16 marca 2016

Ubezpieczenie dla sportowca

Uprawiasz wyczynowo sport? Musisz liczyć się z kontuzją lub wypadkiem. Wiesz, ile kosztuje leczenie i jak długo może trwać rehabilitacja? Lepiej zabezpieczyć się przed ryzykiem, które jest z tym związane.

W Polsce jeszcze jest zbyt niska świadomość ryzyka związanego z wyczynowym uprawianiem sportu. Najczęściej, aby tylko zadośćuczynić ustawowemu obowiązkowi ubezpieczenia zawodników od następstw nieszczęśliwych wypadków (NNW), kluby sportowe wybierają minimalną ochronę, która nie gwarantuje odpowiedniego zabezpieczenia w razie wypadku lub kontuzji. A to może skutecznie wyeliminować zawodnika z życia sportowego, które dla wielu jest źródłem utrzymania.

Coraz więcej osób zdaje sobie z tego sprawę. Rosną wymogi organizatorów różnych imprez sportowych, zwłaszcza zagranicznych. Często uzależniają oni udział sportowca od przedstawienia ubezpieczenia na odpowiednio wysoką sumę.

Najważniejsze jest, aby wysokość i zakres ubezpieczenia sportowego były dopasowane do potrzeb zawodnika. Przede wszystkim chodzi o to, aby po wypadku mógł jak najszybciej wrócić do aktywności sportowej. A gdy powrót do sportu nie będzie możliwy, żeby dostał pieniądze, które pomogą mu w leczeniu i przystosowaniu się do nowego życia.

Pamiętajmy, że ubezpieczenia sportowe są nie tylko dla zawodowców! 

Rozmawiamy o nich z Anną Staniszewską, ekspertką PZU.

A.D.Dla kogo są ubezpieczenia sportowe? 

A.S.​Ubezpieczenia sportowe są dla wszystkich, którzy trenują wyczynowo, dla zawodowców, jak i dla amatorów. To oferta dla tych, którzy należą do klubów sportowych, regularnie ćwiczą, są pod opieką trenera. Na przykład trzy razy w tygodniu chodzą do lokalnego klubu sportowego na treningi koszykówki.  

A.D.Czy również dla biegaczy przygotowujących się do maratonów?

A.S.​Jak najbardziej, choć z reguły biegacze nie należą do klubów sportowych, a organizatorzy maratonu wykupują ubezpieczenie dla jego uczestników. Maraton to też sportowa rywalizacja. Uczestnicy przygotowują się do startu dużo wcześniej sami lub pod okiem trenerów. Przygotowaniu do biegów poświęcają dużo czasu. 

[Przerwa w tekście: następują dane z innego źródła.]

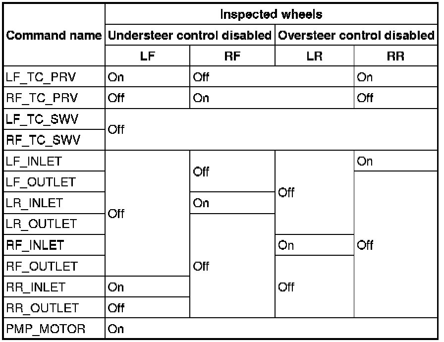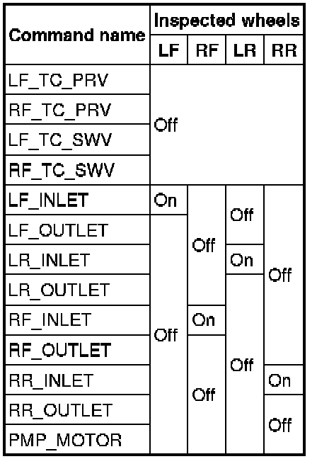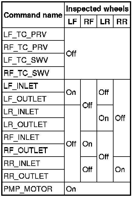 3. Set up an active command mode inspection according to the combination of commands below. Brake pressure retention
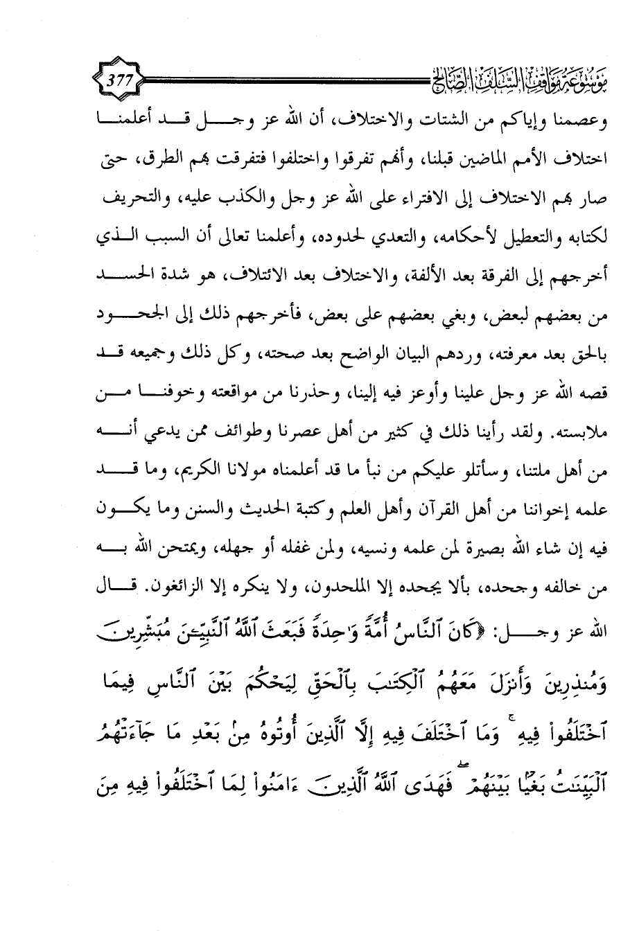 وعصمنا وإياكم من الشتات والاختلاف، أن الله عز وجل قد أعلمنا اختلاف الأمم الماضين قبلنا، وأنهم تفرقوا واختلفوا فتفرقت بهم الطرق، حتى صار بهم الاختلاف إلى الافتراء على الله عز وجل والكذب عليه، والتحريف لكتابه والتعطيل لأحكامه، والتعدي لحدوده، وأعلمنا تعالى أن السبب الذي أخرجهم إلى الفرقة بعد الألفة، والاختلاف بعد الائتلاف، هو شدة الحسد من بعضهم لبعض، وبغي بعضهم على بعض، فأخرجهم ذلك إلى الجحود بالحق بعد معرفته، وردهم البيان الواضح بعد صحته، وكل ذلك وجميعه قد قصه الله عز وجل علينا وأوعز فيه إلينا، وحذرنا من مواقعته وخوفنا من ملابسته. ولقد رأينا ذلك في كثير من أهل عصرنا وطوائف ممن يدعي أنه من أهل ملتنا، وسأتلو عليكم من نبأ ما قد أعلمناه مولانا الكريم، وما قد علمه إخواننا من أهل القرآن وأهل العلم وكتبة الحديث والسنن وما يكون فيه إن شاء الله بصيرة لمن علمه ونسيه، ولمن غفله أو جهله، ويمتحن الله به من خالفه وجحده، بألا يجحده إلا الملحدون، ولا ينكره إلا الزائغون. قال الله عز وجل: {كَانَ النَّاسُ أُمَّةً وَاحِدَةً فَبَعَثَ اللَّهُ النَّبِيِّينَ مُبَشِّرِينَ وَمُنْذِرِينَ وَأَنْزَلَ مَعَهُمُ الْكِتَابَ بِالْحَقِّ لِيَحْكُمَ بَيْنَ النَّاسِ فِيمَا اخْتَلَفُوا فِيهِ وَمَا اخْتَلَفَ فِيهِ إِلَّا الَّذِينَ أُوتُوهُ مِنْ بَعْدِ مَا جَاءَتْهُمُ الْبَيِّنَاتُ بَغْيًا بَيْنَهُمْ فَهَدَى اللَّهُ الَّذِينَ آَمَنُوا لِمَا اخْتَلَفُوا فِيهِ مِنَ

A.D.Kto jeszcze powinien pomyśleć o ubezpieczeniu sportowym?

A.S.Na pewno rodzice! Warto ubezpieczyć dzieci, które regularnie trenują w klubach sportowych. Chodzą na przykład na zajęcia judo, jeżdżą konno pod okiem trenera i przygotowują się do zawodów albo trenują w szkółkach piłkarskich. To jest wyczynowe uprawianie sportu.
Bardzo często dzieci wyjeżdżają na obozy żeglarskie, kajakarskie, konne i inne ze swoimi klubami sportowymi. Wtedy ubezpieczenie sportowe przyda się w wakacje, nawet gdy dzieci nie ćwiczą regularnie w roku szkolnym. Można zawrzeć umowę krótkoterminową. Na przykład gdy jedziemy na zajęcia szkółki żeglarskiej albo żeglujemy. To również wyczynowe uprawianie sportu. 

A.D.A pozostali? Tacy, którzy ćwiczą, ale poza klubami?

A.S.Jeśli sport uprawiamy rekreacyjnie, od czasu do czasu, nie trenujemy w ramach klubu, ale np. rekreacyjnie jeździmy na rowerze lub biegamy, pomyślmy o zwykłym ubezpieczeniu NNW. Warto! Ono daje nam ochronę w razie nieszczęśliwych wypadków nie tylko podczas ćwiczeń, ale także gdy nie ćwiczymy. Pamiętajmy, żeby ustalić kwotę ubezpieczenia odpowiednią do naszych potrzeb. 

A.D.​Czym charakteryzuje się ubezpieczenie sportowe?

A.S.​Wyczynowi sportowcy z reguły chcą jak najszybciej po kontuzji wrócić do treningów i zawodów. Stąd stawiają na specjalistyczne leczenie i rehabilitację. W ubezpieczeniu sportowym mogą wybrać wyższe limity na koszty leczenia. Mogą też wykupić kilka różnych świadczeń związanych z niezdolnością do uprawiania sportu po wypadku (różne zasady wypłaty). Przydaje się to w czasie przymusowej przerwy w uprawianiu sportu. Świadczenie wypłacane jest na przykład za każdy dzień niezdolności albo w częściach, co kwartał. Sumę ubezpieczenia oraz wysokość limitów dla świadczeń dodatkowych można indywidualnie dostosować do potrzeb i możliwości finansowych sportowca. Niezależnie od tego, czy klub sportowy wykupił zawodnikom polisę NNW, warto kupić taką polisę indywidualnie, we własnym zakresie. Zyskamy pewne zabezpieczenie w razie kontuzji.
Wizyta u specjalisty to wydatek kilkuset złotych. Jeśli lekarz zaleci zabiegi rehabilitacyjne, koszty miesięcznego leczenia np. stawu łokciowego mogą dochodzić do 1000 zł, a leczenie trwa nawet kilka miesięcy. Leczenie i rehabilitacja, gdy skręcimy staw skokowy, czyli nogę w kostce trwa od 2 tygodni do ok. 3 miesięcy. To dosyć częsta kontuzja.